I never minded that Buster was so much older than me. I know some will look at these events, set them beside what they know of my childhood and Freudianly conclude, “Ah, it is so obvious—she was looking for a father figure.”
But people who would think that seem to me to be the same kind of people who ironically conclude that sometimes a cigar is just a cigar. A cigar is never just a cigar.
For the permanent record, I did mind calling a grown man Buster. Hell, I wouldn’t want to call a young boy Buster. But the
one time I tried to call him Bertram it just didn’t feel right, either. So for better or worse, “Buster” it was.
Making love with Buster, when it finally happened, was the greatest thing that had ever happened to me. Oh, there was pain to be sure, but it was so much more than pain. It was beauty and it was love and it was a closeness I’d only previously known through writing.
I never felt sorry for Alissa. I could see how cold she was, had no problem believing Buster that for her it had always been a marriage of convenience, the cachet of being married to the attaché.

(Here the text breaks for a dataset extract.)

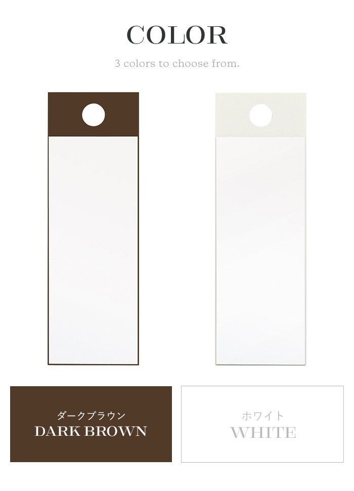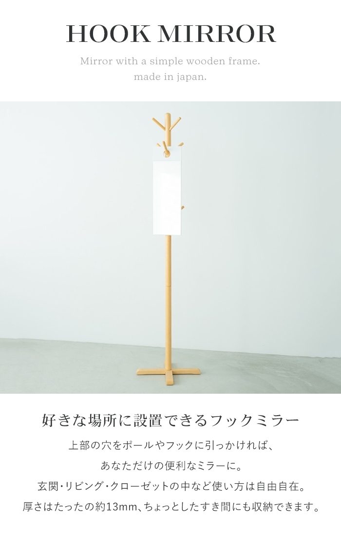 | 上部の穴をポールやフックに引っかければ、あなただけの便利なミラーに。 厚さはたったの約13mm、ちょっとしたすき間にも収納できます。 |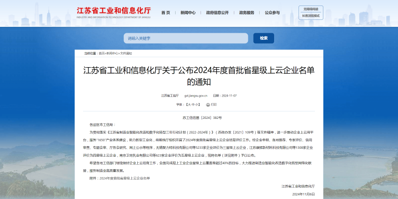 近日,江蘇省工業(yè)和信息化廳發(fā)布2024年度首批省星級上云企業(yè)名單,經(jīng)企業(yè)申報、各地推薦、專(zhuān)家評價(jià)、信用審查、專(zhuān)題會(huì )審等程序,國新公司入選首批五星級上云企業(yè),標志著(zhù)國新公司在強化工業(yè)互聯(lián)網(wǎng)平臺建設、推進(jìn)數字化轉型和提升智能化制造水平等方面取得了顯著(zhù)成效,在信息化建設方面邁上新的臺階。

And so the Saturdays piled up, whenever he wasn’t out of town on diplomatic business. The Saturdays piled up until there were nearly three years of them from when we had begun. And during those three hours a week, it was like we were the only two people in the world, a small yellow world with bad TV reception.
Sleep with someone in haste, repent at your own damn leisure, I always say. Well, I always say it now, at least.
Long into our third year together, I missed my period. If I’d been another woman, I never would have panicked so quickly, being just a couple of days late. But I’d always been regular, reliable like calling Western Union for the exact time. If I’d been a more practical and less in-love woman, I might have concluded that the delay in my period had to do with the anorexia I’d been flirting with, the lack of appetite brought about by my advanced state of in-loveness leading to a dramatic weight loss that had disturbed the tides of my regular cycle.
I told Buster, not too trepidatiously. After all, wasn’t this what we had been intending all along? Okay, so maybe this was a bit sooner than we would have liked, but did it really matter so very much if we’d jumped the gun by just a smidgen?
And that was when Buster offered me money to go away and have an abortion. I was crazy to think we could do this thing, he said. It would destroy his career, he said. His wife would take him to the cleaners, he said.